Our findings suggest that hematologic parameters such as NLR, LMR, and PLR may contribute to CIN risk stratification in clinical practice. These biomarkers offer several advantages, including wide availability, low cost, repeatability, and ease of calculation. However, relying solely on these indices for clinical decision-making is insufficient. Instead, they should be used as complementary tools alongside established risk prediction models, such as the Mehran score, to enhance the accuracy of CIN risk assessment (11).

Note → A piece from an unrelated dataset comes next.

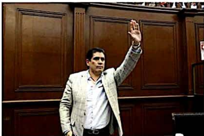
El líder parlamentario, Ernesto Núñez Aguilar, manifestó su respaldo decidido a la propuesta.

Nevertheless, the retrospective and single-center nature of our study restricts external validity, and the findings should be interpreted with caution when applied to different populations or healthcare settings.
Study Limitations
Although this study possesses several strengths, certain limitations should be acknowledged. First, its retrospective and single-center design restricts the ability to establish causal relationships and limits the generalizability of the findings to wider populations. Second, hematologic inflammatory parameters were measured only once at the time of emergency department admission, whereas inflammation is a dynamic process; therefore, the lack of serial measurements may have reduced the prognostic value of these biomarkers. Third, despite excluding patients with active infection, chronic inflammatory disease, or recent corticosteroid use, the possibility of subclinical inflammation or other systemic processes could not be entirely ruled out. Finally, details regarding nephroprotective interventions, hydration protocols, contrast agent type, and dose, and other procedural factors were not standardized or fully recorded, and these uncontrolled variables may have acted as potential confounders influencing CIN development. Similarly, the type and volume of contrast media varied across diagnostic and interventional procedures, with the latter typically requiring substantially higher contrast doses. This lack of standardization limited our ability to assess the impact of contrast exposure in detail and may have influenced the incidence of CIN.
Conclusion
In conclusion, hematologic inflammation indices such as NLR, LMR, and PLR may serve as useful adjuncts in predicting CIN in patients with ACS. While age emerged as the strongest independent predictor, these indices may contribute to early risk stratification and help guide the implementation of nephroprotective strategies in clinical practice.